Study reveals pressures on critical care workforce during winter wave of pandemic

surgery

New research published in Anaesthesia (a journal of the Association of Anaesthetists) shows the huge pressure that anaesthesia and critical care staff in the UK have been under throughout the winter wave of COVID-19, as the number of newly admitted infected patients surged and most planned surgeries, including a substantial number of critical cancer operations, were canceled.

“These findings have important implications for understanding what has happened during the COVID-19 pandemic, planning recovery and building a system that will better respond to future waves or new epidemics,” explains co-author Professor Tim Cook, Consultant in Anaesthesia and Intensive Care Medicine, Royal United Hospitals Bath NHS Foundation Trust, Bath, UK, and Honorary Professor, School of Medicine, University of Bristol, UK.

Between October 2020 and January 2021, the authors conducted three national surveys to track anaesthetic, surgical and critical care activity during the second COVID-19 pandemic wave in the UK—the first round as the November 2020 lockdown was being implemented, the second in December 2020 as restrictions were lifted, and the final survey in February 2021 just after the peak of the new year surge caused by the new Kent (UK) variant of SARS-CoV-2.

They surveyed all NHS hospitals where surgery is undertaken. Response rates, by round, were 64%, 56% and 51%. The surveys showed increasing systemic pressure on anaesthetic and peri-operative services due to the need to support critical care pandemic demands.

There was evidence of significant stress in the system in October and this increased in December 2020 including redeployment of one in six doctors from anaesthesia to critical care, and by December approximately half of critical care units were expanded so much that planned surgery could not be safely undertaken. During this period, almost one in five operating theaters were closed but many hospitals were able to displace surgery to other locations. Overall surgery rates fell by around one quarter compared with similar periods in previous years.

The situation then deteriorated dramatically during the peak of the second surge (January 2021), with responses showing that the system was close to breaking point. Almost half of all operating theaters were closed and those that were open were often running at close to half normal activity. Hospitals were less able to relocate activity to other locations, due to lack of staff.

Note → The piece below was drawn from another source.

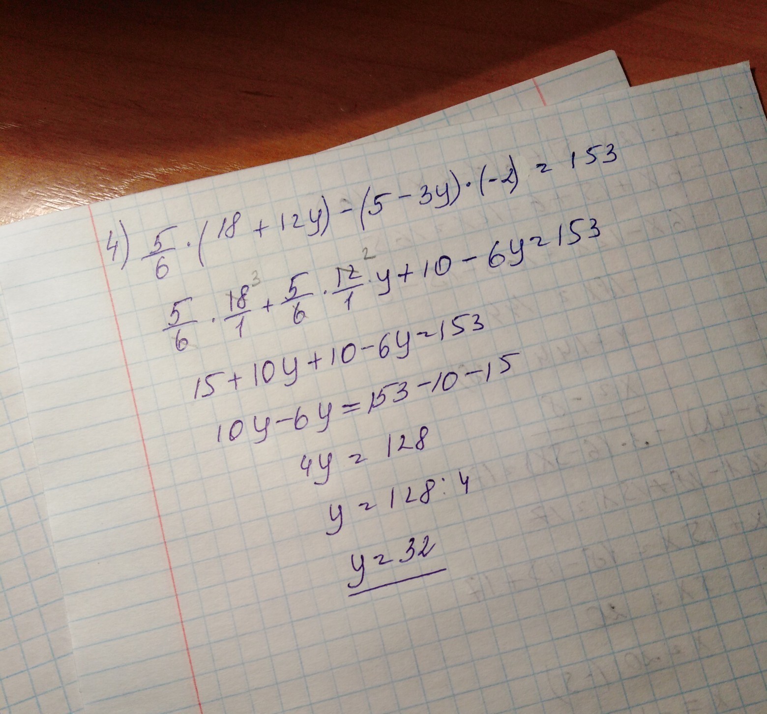 4)5/6×(18+12у)-(5-3у)×(-2)=153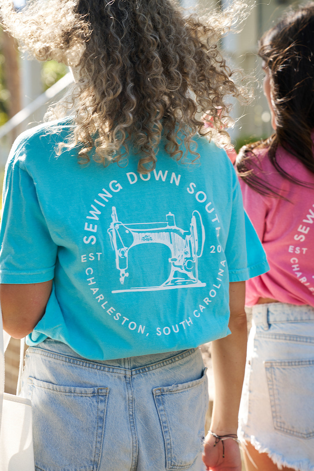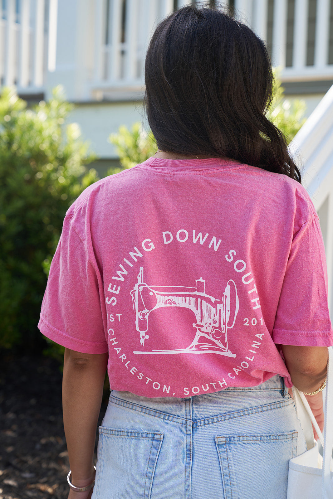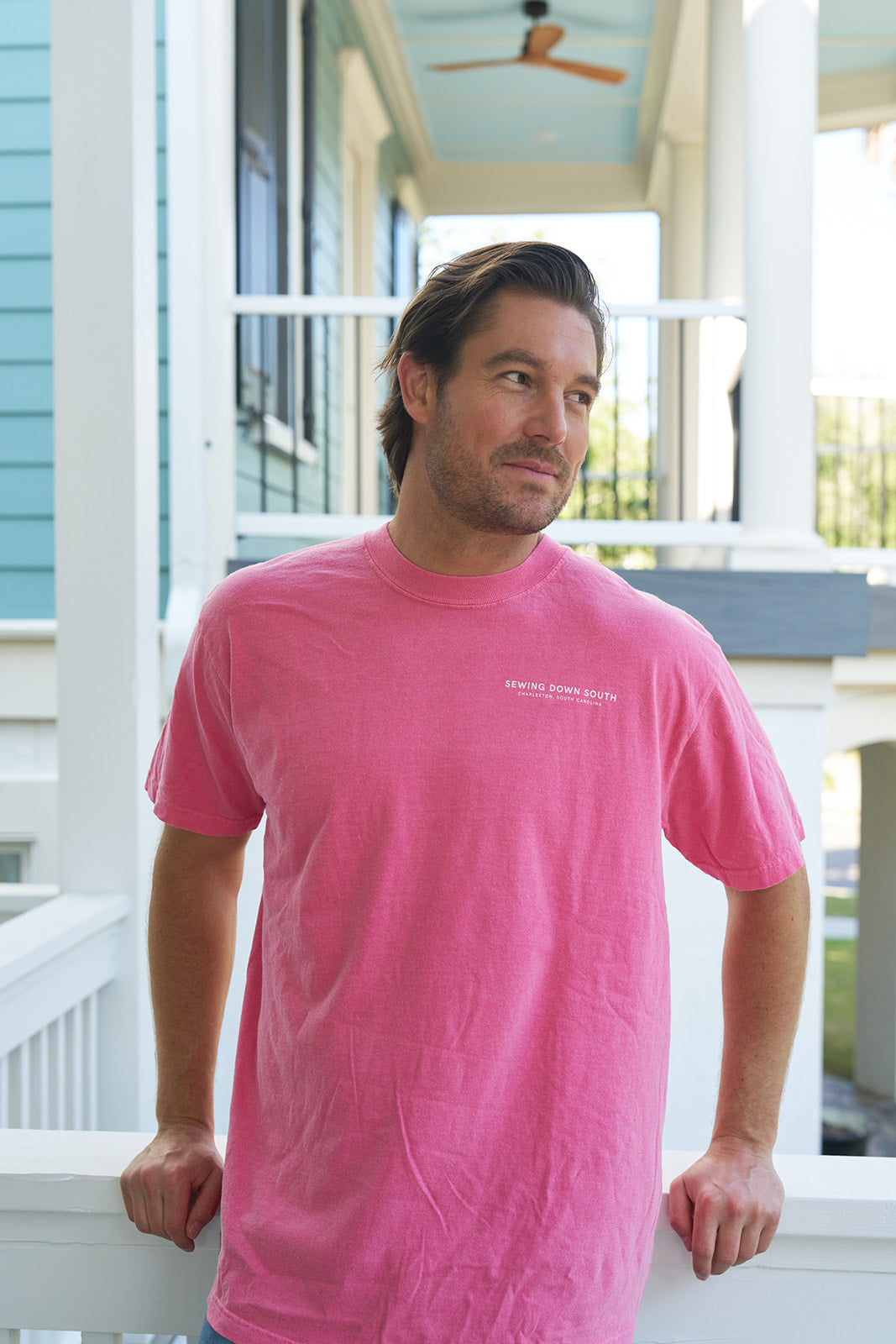 Represent Sewing Down South coming & going in our *SEW NEW*, inspired by Rainbow Row, comfy tees.

“The impact on surgery was in part due to a lack of space in which to operate as operating theaters were used as expanded ICUs. But the most important factor was lack of anaesthetists to deliver care as they were redeployed to critical care. In the January peak, almost one in three anaesthetic doctors were unavailable for anaesthetic work as redeployments more than doubled the critical care workforce,” explains Prof Cook. “All but a quarter of critical care units were expanded to the extent that planned surgery could not be safely undertaken. As a result, surgical activity fell massively, with all types of surgery affected. There was important regional variation and in hard-pressed regions, pediatric and non-cancer surgery fell to 12-20% of normal activity and even cancer surgery, usually considered an urgent priority, fell to below half of normal activity.”

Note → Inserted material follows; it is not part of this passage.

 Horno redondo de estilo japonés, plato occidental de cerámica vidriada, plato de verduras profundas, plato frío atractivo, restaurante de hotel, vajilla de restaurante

As long as the UK’s exit from lockdown restrictions continues and vaccination rates keep COVID-19 infections low, a rapid decompression is likely to occur whereby critical care units quickly decrease their capacity and the rest of the health system resumes elective and other surgical care. However, tackling the surgical backlog requires working at well above normal capacity for several years and even returning to normality is likely to be challenging. Co-author Dr. Emira Kursumovic says: “Our data illustrate very clearly that anaesthetists—and in all probability other healthcare providers working in operating theaters—have been central in the critical care response to the pandemic, and that they will have been similarly impacted. These staff have had an increased workload and intensity, decreased leave, and psychological burdens including moral injury. The physical and psychological needs of the workforce must be considered in planning recovery of non-COVID healthcare services.”

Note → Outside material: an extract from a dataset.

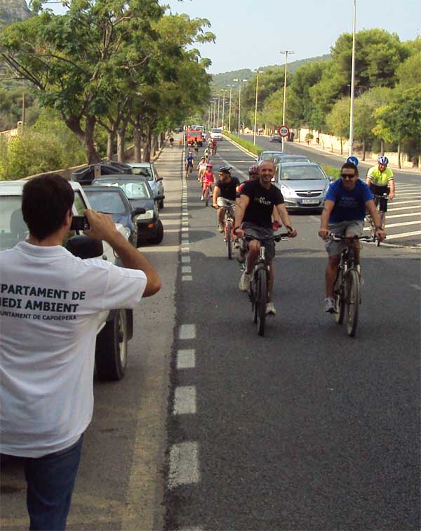 Modesta participació en aquesta bicicletada que pensam que si s’hagués convocat una setmana després, com a colofó de la setmana de la mobilitat, hauria estat més fàcil implicar la població escolar.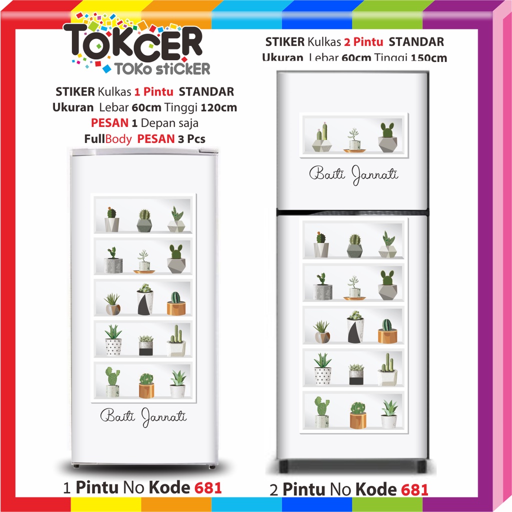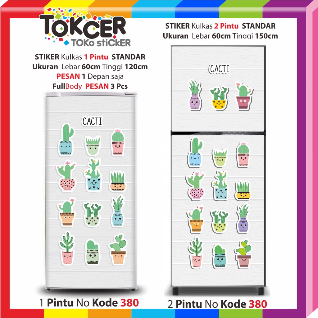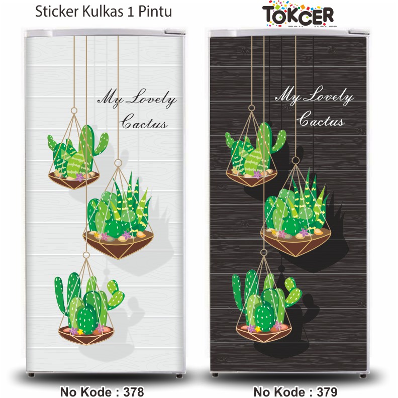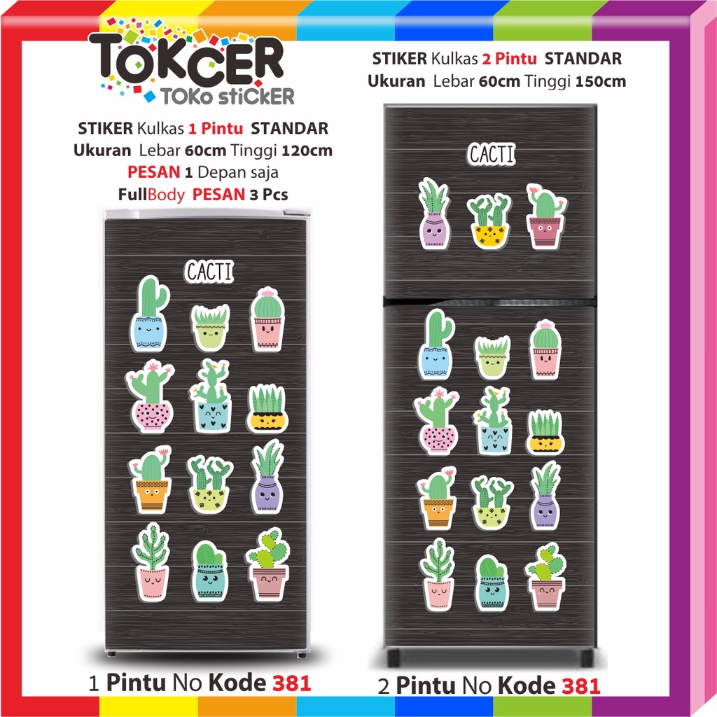 Stiker Kulkas LAMINATING GLOSSY ukuran 1 Pintu atau 2 Pintu Kaktus Anti LUNTUR Anti AIR Tahan LAMA

The authors add: “The surveys illustrate the pressure points in the current system. These include space and, most particularly, staff. The fact that critical care expansion requires redeployment of substantial numbers of anaesthetists is likely to have important implications for at least the next year, as critical care services work flexibly to address fluctuations in demand and expand as necessary. This in turn will have important implications for addressing surgical waiting lists. Expansion of both space and the anaesthetic workforce are likely to be inevitable requirements.”

Dr. Mike Nathanson, president of the Association of Anaesthetists, said: “These important surveys demonstrate the pressure anaesthetists and anaesthetic departments were under during the pandemic surges. The impact on the mental and physical wellbeing of our colleagues is still being felt. The impact on the health of the nation, in terms of the expanding waiting lists for investigations and surgery, is a huge concern. Workforce shortages and the inability for many of our trainee anaesthetists to progress their careers due to the lack of suitable jobs will accentuate this backlog, even without any further surges.”

Professor Ravi Mahajan, president of the Royal College of Anaesthetists, which funded the surveys, said: “These findings confirm the central role anaesthetists played during the pandemic, treating critically ill patients with and without COVID. It is clear that the success of any recovery will hinge on having the right staff, in the right place, at the right time.”